Leafs refused to trade Gardiner

Maple Leafs defenceman Jake Gardiner and Sharks forward Torrey Mitchell race for the puck at the...

Maple Leafs defenceman Jake Gardiner and Sharks forward Torrey Mitchell race for the puck at the Air Canada Centre in Toronto, Ont., Feb. 23, 2012. (FRED THORNHILL/Reuters)

MIKE ZEISBERGER, QMI Agency

, Last Updated: 10:10 PM ET

TORONTO - Brian Burke won’t put a number on how many calls he recently fielded, but it would have been no surprise to see smoke coming out of his cell phone from overuse the past few weeks.

And you can bet that many of them started this way.

“Is that Gardiner kid available?”

This much we do know: They all ended this way.

“No.”

No haggling.

No debate.

No chance.

“They were short conversations,” Burke admitted on Monday afternoon at the Air Canada Centre.

They may have been short, but there was no shortage of them.

Chat with various general managers around the league, and the majority of them would tell you that they consider Gardiner to be the top prospect in the Toronto organization.

Columbus Blue Jackets general manager Scott Howson is believed to be one of those executives. In fact, those in Edmonton who are still close to Howson from his days in the Oil organization insist that Gardiner was on Howson’s “must include” list in any potential package for Rick Nash.

Now, all that talk is moot. When the clock struck three on Monday afternoon to mark the arrival of the NHL’s over-hyped trade deadline, the young defenceman was still a Leaf.

Just the way Gardiner wanted it. Just the way many Leaf fans wanted it. And just the way Leafs amateur scout John McMorrow wanted it.

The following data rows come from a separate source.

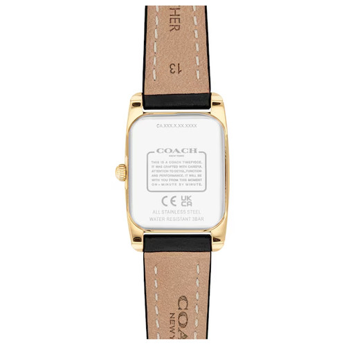 - Black leather strap finished with a buckle closure to ensure security on the wrist.
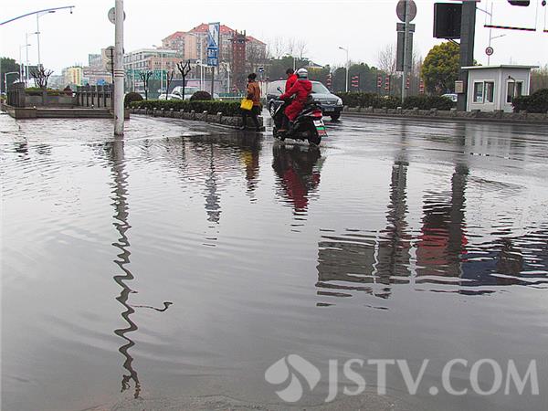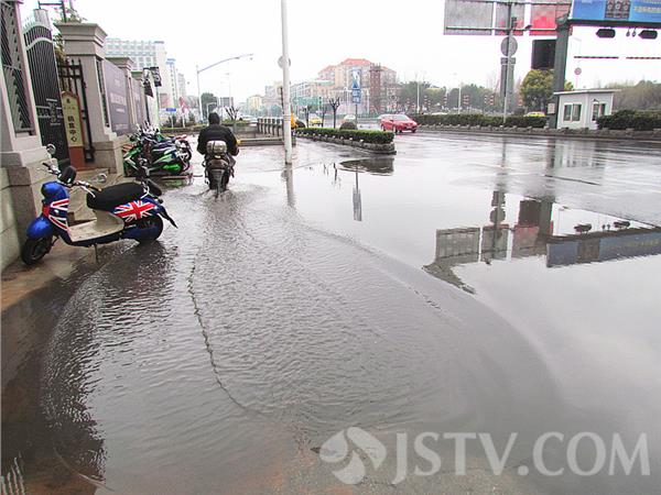 江苏今年首场大雨今天落下,导致城区道路湿滑,让南京城多处道路路面出现积水,这给居民的出行造成诸多不便。
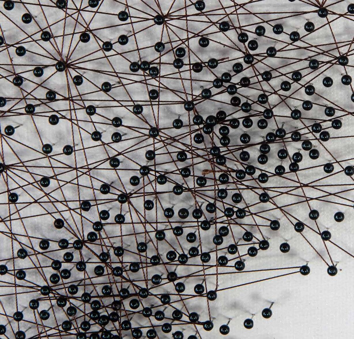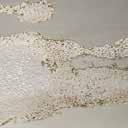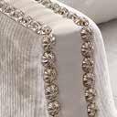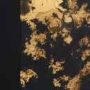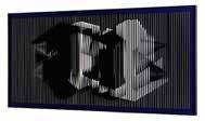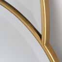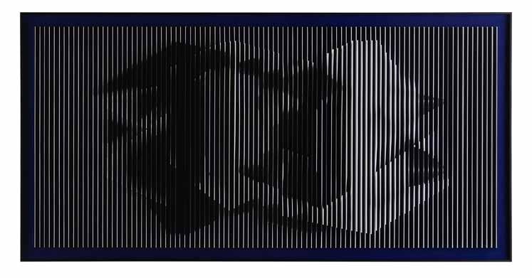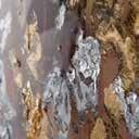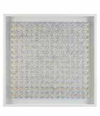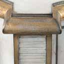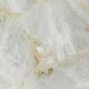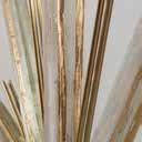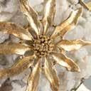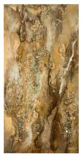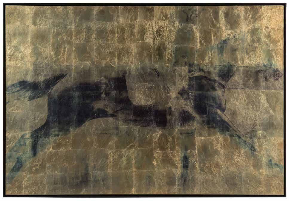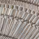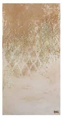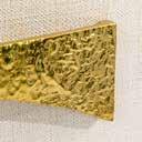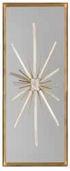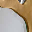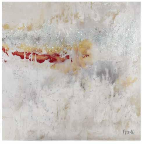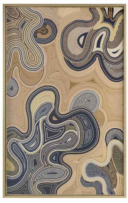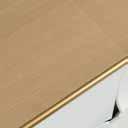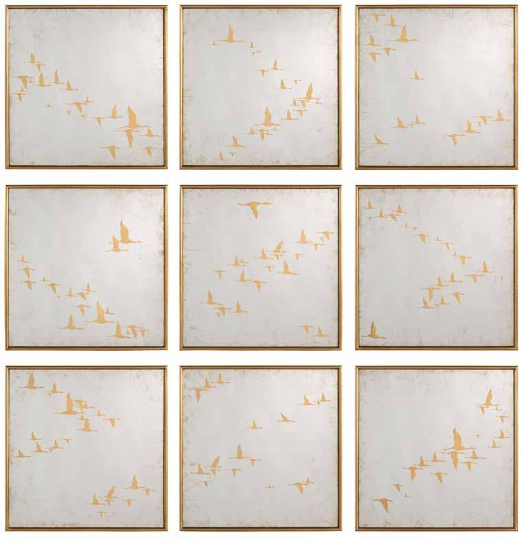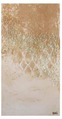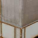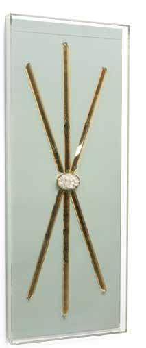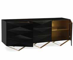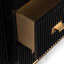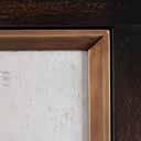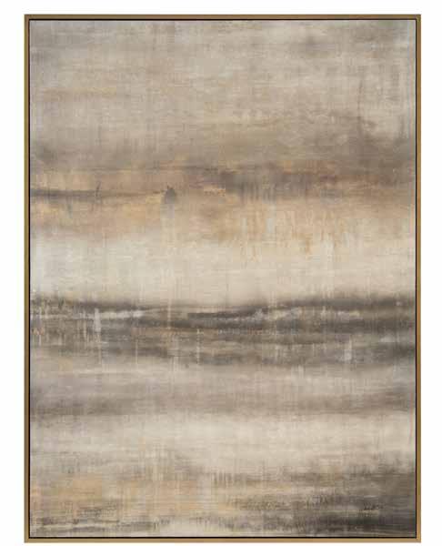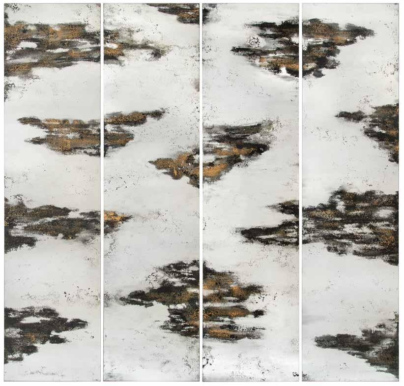 The Solstice Sideboard features a detail from the original work printed on burlap across the five door fronts. The case is inlaid and finished in white linen, and an inwardly chamfered molding in Mayan gold frames the printed front. The cabinet stands on four aluminum bracket feet finished in Mayan gold. There is an adjustable shelf behind the doors.

According to Burke, McMorrow started verbally pumping Gardiner’s tires back around the time of U.S. Thanksgiving in 2007 when both men were in the Ducks organization. Gardiner had just switched from forward to defence at the time, and McMorrow’s influence led Anaheim to select Gardiner with the 17th overall pick in the 2008 draft.

When Burke became GM of the Leafs, he eventually brought McMorrow over to the Toronto organization. Sure enough, it didn’t take long for Burke to start hearing the pro-Gardiner hype from McMorrow again.

“Last year, John was still bugging me about the kid,” Burke said with a chuckle.

Burke took McMorrow’s advice. Again. Indeed, on Feb. 9, 2011, Gardiner was acquired from the Ducks along with Joffrey Lupul for veteran defenceman Francois Beauchemin.

In retrospect, the Leafs would have won the trade even if Lupul hadn’t been included. That’s how impressive Gardiner has been to date,

Of course, the kid’s meteoric rise to NHL prominence comes as no surprise to McMorrow.

“Besides his physical hockey skill, one of the first things I noticed about him (five years ago) was the dynamic nature of his personality. Things like his energy and his competitiveness,” McMorrow said during a phone interview on Monday evening.

“I remember during the interview process, some kids are shy when you question them. With Jake, he never was. He just embraced the process moving forward.

“I’m pleased he’s still here and is a promising piece of a young team that we in the organization are excited about as we move forward.”

The Gardiner issue has been a hot topic in Toronto over the past few weeks, especially when it related to Nash. Would you include him in a deal? Obviously Burke wouldn’t. And didn’t.

“He’s clearly a guy with special gifts,” Burke said of the rookie blueliner. “We don’t know if he’s going to be the next Duncan Keith or Kris Letang. I don’t think it’s fair to players to make comparisons like that and I don’t like making them.

“Either way, he has outstanding skill.”

When the Leafs face off in a key showdown against the Florida Panthers on Tuesday at the Air Canada Centre, Gardiner will take the ice as the NHL’s leading scorer among rookie defencemen with 19 points, three more than his closest rival. More importantly, he’ll still be in Toronto blue and white, something he hopes will last for a long time.

“I don’t want to go anywhere,” Gardiner told the Toronto Sun back on Feb. 15 in Edmonton when informed of Howson’s interest in him. “I don’t want to be traded.

“I love it here. I want to be a Toronto Maple Leaf. That’s it.”

Today, he still is. And that’s a good thing.